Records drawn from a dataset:
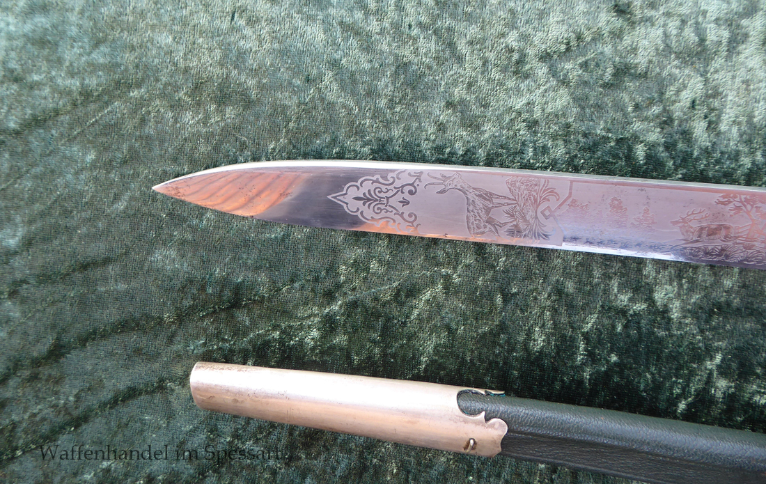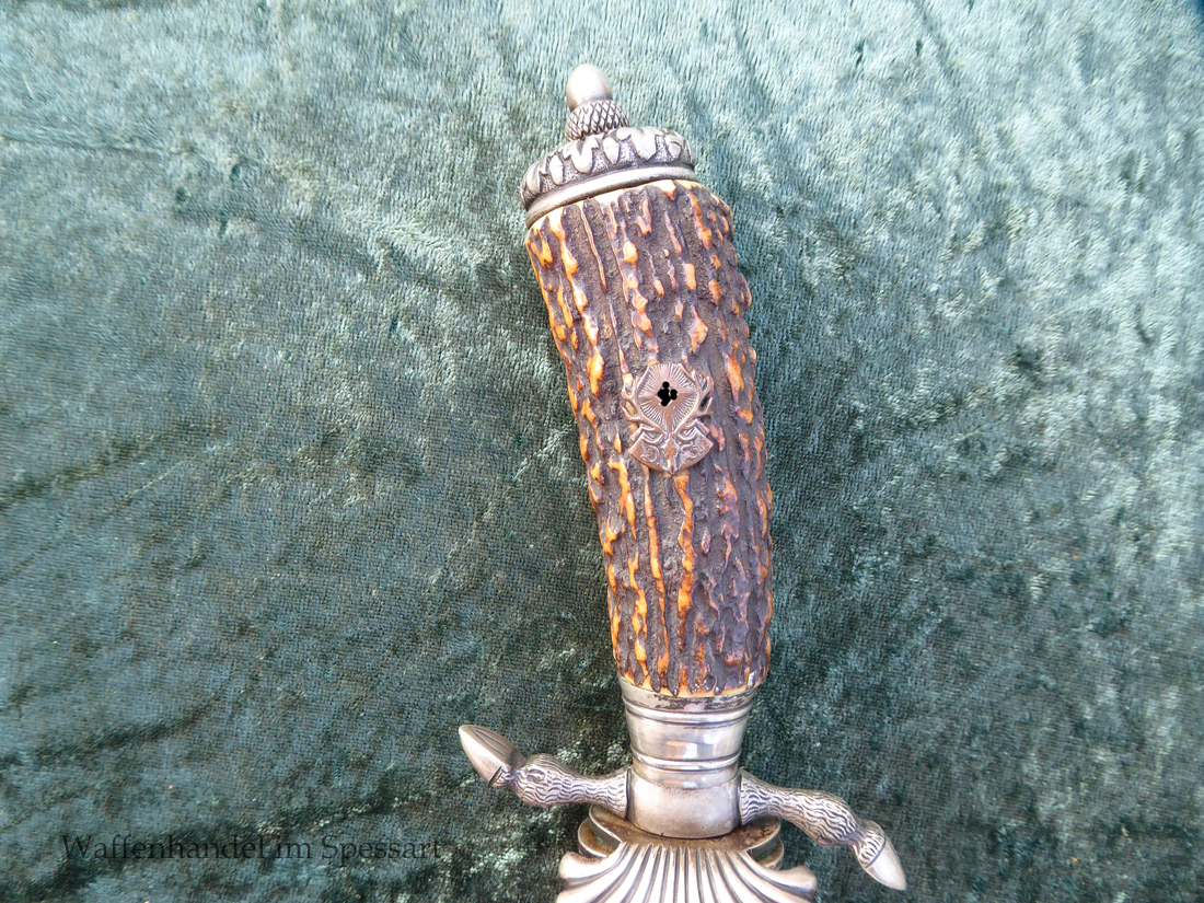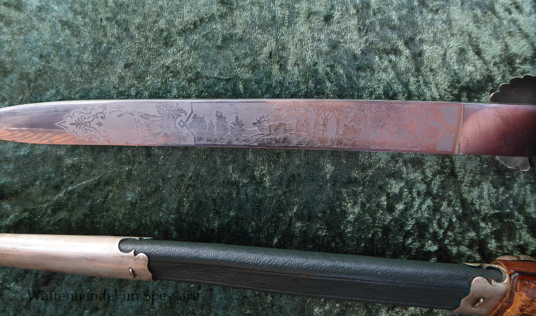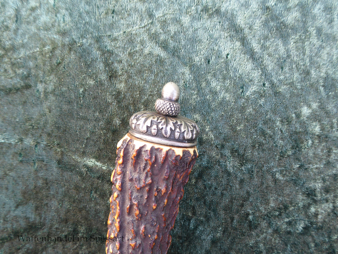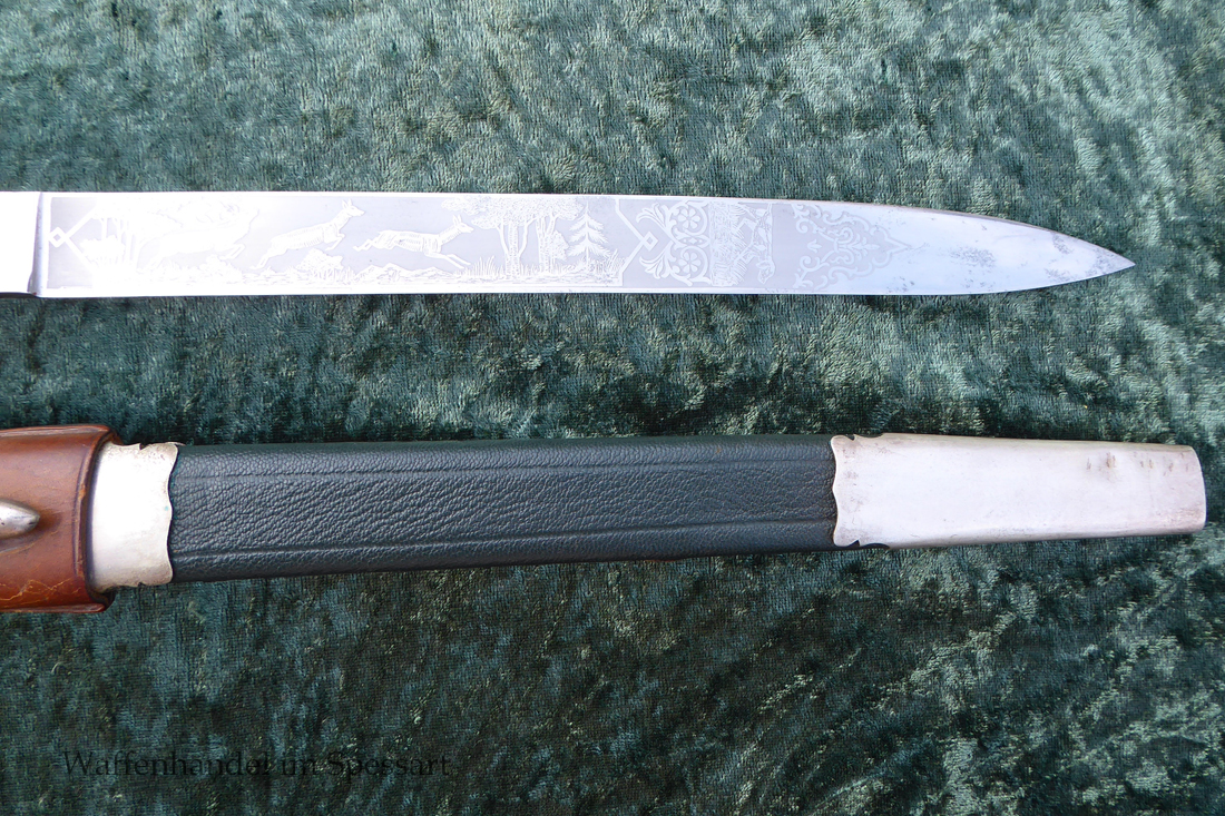 Hergestellt in Solingen ohne Herstellermarkierung. Echter schön geperlter Hirschhorngriff. Fein geätzte fast perfekt erhaltene Klinge. Originales Abzeichen der deutschen Jägerschaft! Es ist magnetisch, Trägeschicht Kupfer und hat keine Versilberung mehr (abgegriffen) mit Patina. Grüne Saffian Lederscheide die geklammert ist. Versilberte Montur. Sehr schön plastisch gearbeiteter Griffabschluß mit Eichenlaub und Eichel.
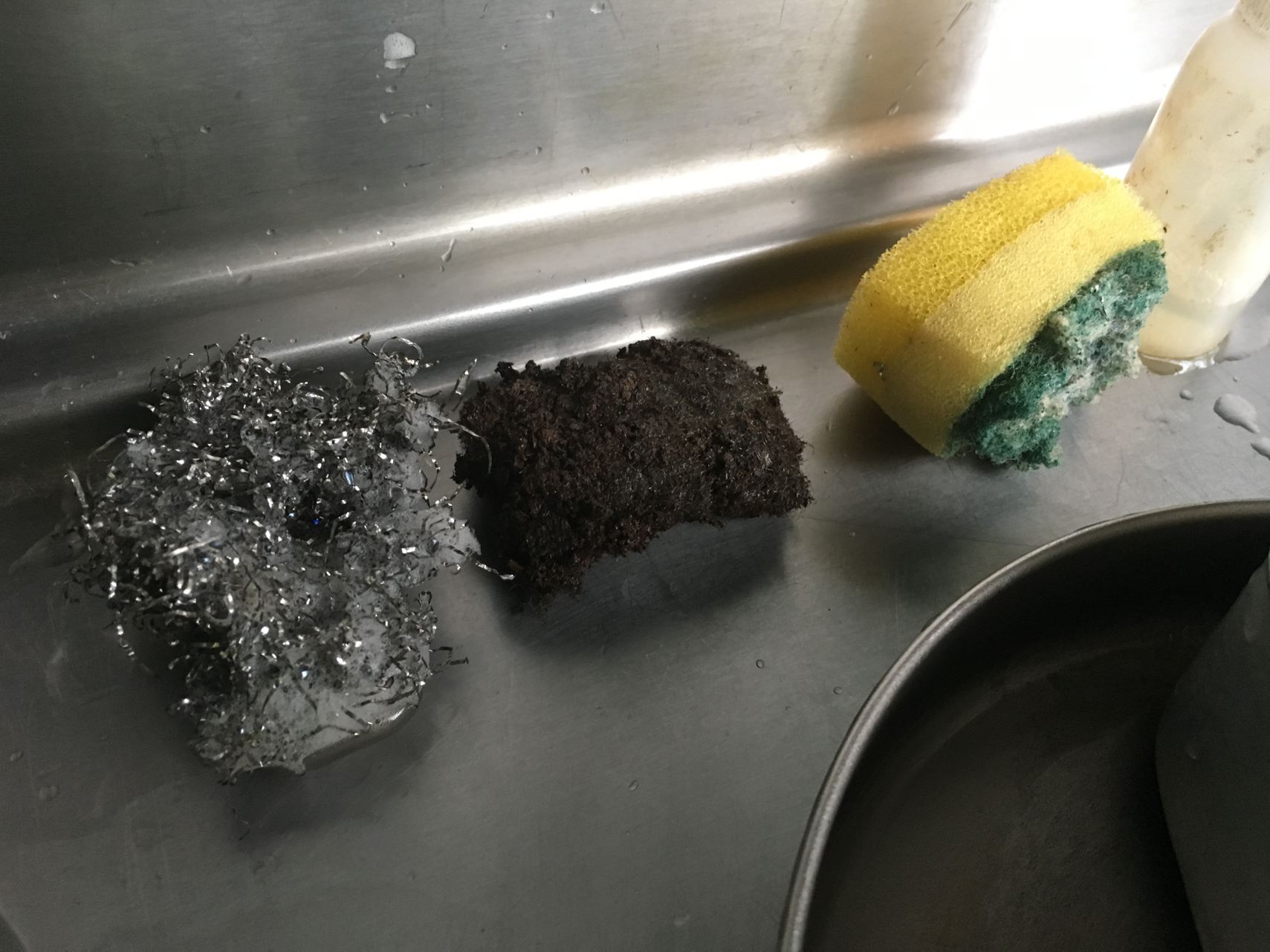 洗い物だよ人生は。今回は、スポンジ、ボンスター、スプリング金束子。最強トリオです。
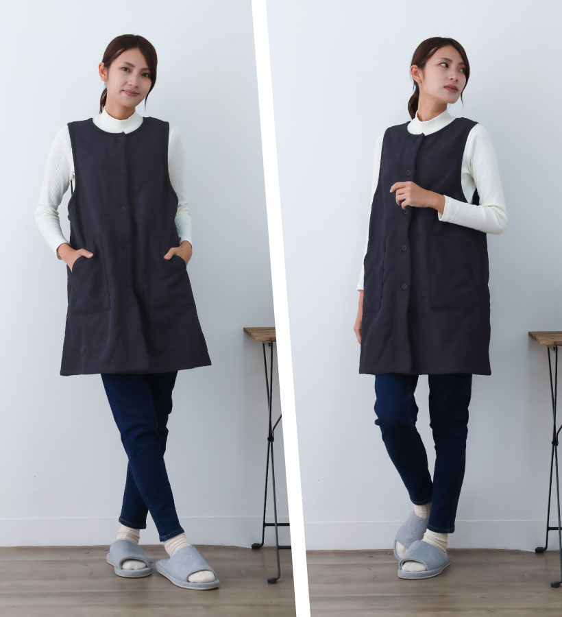 | 秋冬らしいキルティング素材を使用した暖かなエプロン。表地は撥水加工を施したキルティング素材で、水ハネや汚れをしっかりガード。裏地にはふんわりあたたかなフリース生地を使用し、寒い季節の家事や作業も快適に! | |
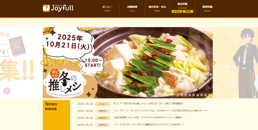 季節フェアも充実しており、例えば2025年秋冬フェアの「食欲の秋山(2025年9月30日~)」や2025年冬フェア「ぽかぽか冬の推しメシ(2025年10月21日~)」 といった食欲をそそるメニューも展開しています。
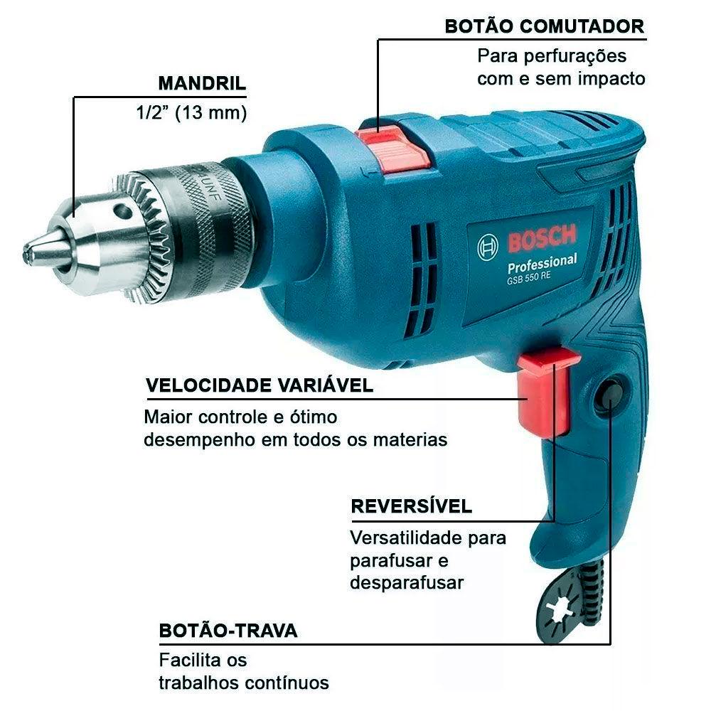 Furadeira de Impacto 1/2 POL 550W GSB550 RE com Reversão e Kit 14 Brocas BOSCHFuradeira de Impacto 1/2" 550W modelo GSB550 da marca Bosch desenvolvida para furação com impacto e furação simples, conforme o material a ser trabalhado.Sendo potente e extremamente compacta, de gama média, oferecendo uma maior produtividade e gerando menos fadiga, até mesmo em trabalhos sobre a linha da cabeça.A furadeira possui empunhadura emborrachada com agarre seguro e confortável., além de ser uma ferramenta de longa vida útil.Possui a função de velocidade variável e reversível.Acompanha um kit de 14 brocas em conjunto com a furadeira.DADOS TÉCNICOS:Modelo: GSB 550 REVoltagem: 127V ou 220V (não é bivolt)Potência: 550 WPeso: 1,3 KgNº de rotações em vazio: 3.100 r.p.m.Número máx. de impactos: 0 – 49.600 i.p.m.CAPACIDADES:Madeira: 25 mmAlvenaria: 13 mmMetal: 10 mmMadril 1/2 POL - 13 mmACOMPANHA:1 Furadeira 550W GSB 550 RE Bosch14 Brocas1 Chave de apertoCódigoS do fornecedor: 06011B60D4000 (127v) / 06011B60E4000 (220V)Garantia: 12 meses* Imagens meramente ilustrativas. Não acompanha empunhadeira.
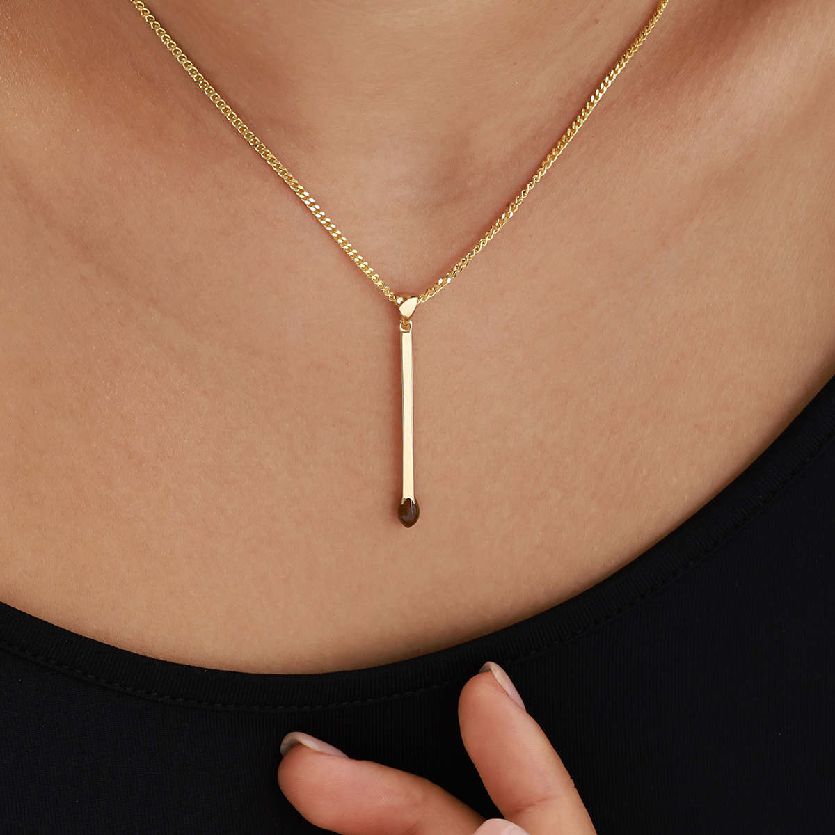 Zarif bir minimalizmi yansıtan 14 Ayar Altın Kibrit Tasarım Kolye, ince formu ve ucundaki kahverengi mineli detayla modern bir şıklık sunar. 14 ayar altından üretilen gurmet zincir, 45 cm uzunluğu ve 4 gram ağırlığıyla zarif bir duruş sunar. Parlak altın gövdesi, minenin sıcak tonuyla kontrast oluşturarak tasarıma özgün bir karakter kazandırır. Günlük kullanımlarda sade ama etkileyici bir tamamlayıcı olan bu kolye, detaylara önem veren zarif stiller için ideal bir parçadır. Regold logolu özel kutusunda ve garanti belgesiyle birlikte sunulmaktadır.
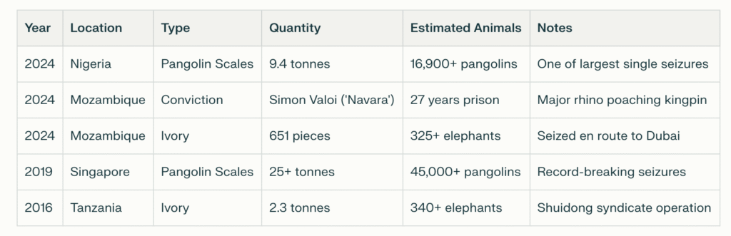 In December 2024 alone, Nigerian authorities intercepted 2.179 tonnes of pangolin scales, equivalent to approximately 1,100 pangolins, in a single operation targeting a suspected broker believed to be part of a network supplying vast quantities to Lagos-based trafficking organizations.
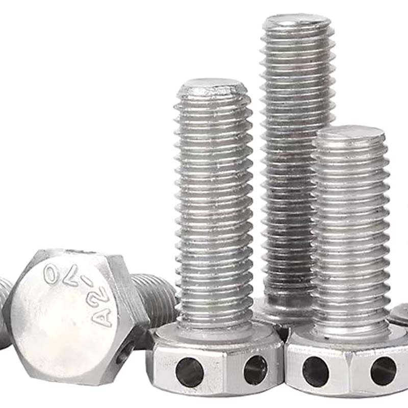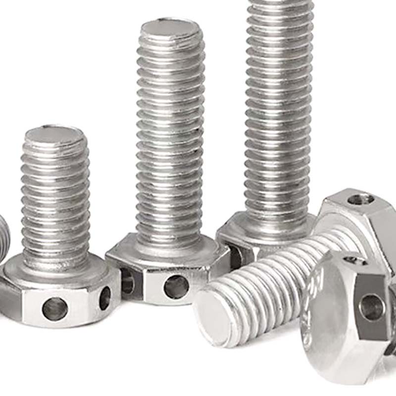 তারের গর্তের সাথে ষড়ভুজ মাথা বোল্টউচ্চ-প্রাণবন্ত পরিবেশে বোল্টগুলি শক্ত থাকে এমন সমস্যার সমাধান করেছেন। সংলগ্ন বল্টের গর্তগুলির মধ্য দিয়ে ইস্পাত তারের পাশ দিয়ে, বল্টগুলি আলগা থেকে রোধ করতে একটি "লক" তৈরি করা যেতে পারে। এটি বিশেষ অ্যান্টি-লুজিং বাদাম বা আঠালো ব্যবহার করার চেয়ে সস্তা এবং সহজ। এগুলি সাইকেলের অংশগুলি, বিমান প্যানেল বা ইঞ্জিন উপাদানগুলি ঠিক করতে ব্যবহৃত হয় যা ঘন ঘন কাঁপায়।
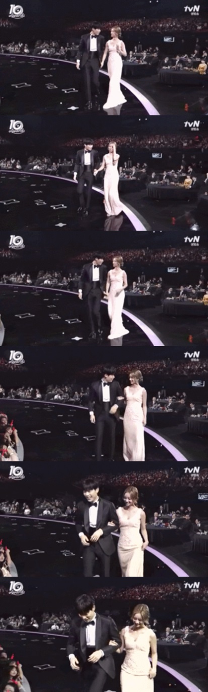 두 사람이 공개 열애를 시작한 가운데, 과거 류준열과 혜리가 함께 tvN 10주년 시상식에 보여준 모습이 다시 화제가 되고 있다.
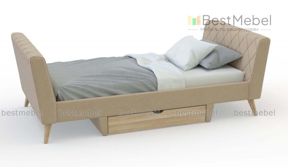 Кровать Пион 13 BMS с двумя чуть скошенными спинками напоминает кушетку и может использоваться для сна и дневного отдыха. Благодаря обивке из износостойкого текстиля кровать проста в уходе, а ромбовидная прострочка придает ей особенно изящный вид. Высокие скошенные ножки в скандинавском стиле делают конструкцию устойчивой и в то же время визуально легкой, для хранения постельного белья под кроватью предусмотрен выкатной ящик. Купить кровать Пион 13 BMS вы сможете в нашем интернет-магазине, подобрав размеры и интересный вариант обивки.

## WORK REQUEST
Write down all the entries exactly, but not the pictures they hold.

## REPLY TO THE EXERCISE
 Hergestellt in Solingen ohne Herstellermarkierung. Echter schön geperlter Hirschhorngriff. Fein geätzte fast perfekt erhaltene Klinge. Originales Abzeichen der deutschen Jägerschaft! Es ist magnetisch, Trägeschicht Kupfer und hat keine Versilberung mehr (abgegriffen) mit Patina. Grüne Saffian Lederscheide die geklammert ist. Versilberte Montur. Sehr schön plastisch gearbeiteter Griffabschluß mit Eichenlaub und Eichel.
 洗い物だよ人生は。今回は、スポンジ、ボンスター、スプリング金束子。最強トリオです。
 | 秋冬らしいキルティング素材を使用した暖かなエプロン。表地は撥水加工を施したキルティング素材で、水ハネや汚れをしっかりガード。裏地にはふんわりあたたかなフリース生地を使用し、寒い季節の家事や作業も快適に! | |
 季節フェアも充実しており、例えば2025年秋冬フェアの「食欲の秋山(2025年9月30日~)」や2025年冬フェア「ぽかぽか冬の推しメシ(2025年10月21日~)」 といった食欲をそそるメニューも展開しています。
 Furadeira de Impacto 1/2 POL 550W GSB550 RE com Reversão e Kit 14 Brocas BOSCHFuradeira de Impacto 1/2" 550W modelo GSB550 da marca Bosch desenvolvida para furação com impacto e furação simples, conforme o material a ser trabalhado.Sendo potente e extremamente compacta, de gama média, oferecendo uma maior produtividade e gerando menos fadiga, até mesmo em trabalhos sobre a linha da cabeça.A furadeira possui empunhadura emborrachada com agarre seguro e confortável., além de ser uma ferramenta de longa vida útil.Possui a função de velocidade variável e reversível.Acompanha um kit de 14 brocas em conjunto com a furadeira.DADOS TÉCNICOS:Modelo: GSB 550 REVoltagem: 127V ou 220V (não é bivolt)Potência: 550 WPeso: 1,3 KgNº de rotações em vazio: 3.100 r.p.m.Número máx. de impactos: 0 – 49.600 i.p.m.CAPACIDADES:Madeira: 25 mmAlvenaria: 13 mmMetal: 10 mmMadril 1/2 POL - 13 mmACOMPANHA:1 Furadeira 550W GSB 550 RE Bosch14 Brocas1 Chave de apertoCódigoS do fornecedor: 06011B60D4000 (127v) / 06011B60E4000 (220V)Garantia: 12 meses* Imagens meramente ilustrativas. Não acompanha empunhadeira.
 Zarif bir minimalizmi yansıtan 14 Ayar Altın Kibrit Tasarım Kolye, ince formu ve ucundaki kahverengi mineli detayla modern bir şıklık sunar. 14 ayar altından üretilen gurmet zincir, 45 cm uzunluğu ve 4 gram ağırlığıyla zarif bir duruş sunar. Parlak altın gövdesi, minenin sıcak tonuyla kontrast oluşturarak tasarıma özgün bir karakter kazandırır. Günlük kullanımlarda sade ama etkileyici bir tamamlayıcı olan bu kolye, detaylara önem veren zarif stiller için ideal bir parçadır. Regold logolu özel kutusunda ve garanti belgesiyle birlikte sunulmaktadır.
 In December 2024 alone, Nigerian authorities intercepted 2.179 tonnes of pangolin scales, equivalent to approximately 1,100 pangolins, in a single operation targeting a suspected broker believed to be part of a network supplying vast quantities to Lagos-based trafficking organizations.
 তারের গর্তের সাথে ষড়ভুজ মাথা বোল্টউচ্চ-প্রাণবন্ত পরিবেশে বোল্টগুলি শক্ত থাকে এমন সমস্যার সমাধান করেছেন। সংলগ্ন বল্টের গর্তগুলির মধ্য দিয়ে ইস্পাত তারের পাশ দিয়ে, বল্টগুলি আলগা থেকে রোধ করতে একটি "লক" তৈরি করা যেতে পারে। এটি বিশেষ অ্যান্টি-লুজিং বাদাম বা আঠালো ব্যবহার করার চেয়ে সস্তা এবং সহজ। এগুলি সাইকেলের অংশগুলি, বিমান প্যানেল বা ইঞ্জিন উপাদানগুলি ঠিক করতে ব্যবহৃত হয় যা ঘন ঘন কাঁপায়।
 두 사람이 공개 열애를 시작한 가운데, 과거 류준열과 혜리가 함께 tvN 10주년 시상식에 보여준 모습이 다시 화제가 되고 있다.
 Кровать Пион 13 BMS с двумя чуть скошенными спинками напоминает кушетку и может использоваться для сна и дневного отдыха. Благодаря обивке из износостойкого текстиля кровать проста в уходе, а ромбовидная прострочка придает ей особенно изящный вид. Высокие скошенные ножки в скандинавском стиле делают конструкцию устойчивой и в то же время визуально легкой, для хранения постельного белья под кроватью предусмотрен выкатной ящик. Купить кровать Пион 13 BMS вы сможете в нашем интернет-магазине, подобрав размеры и интересный вариант обивки.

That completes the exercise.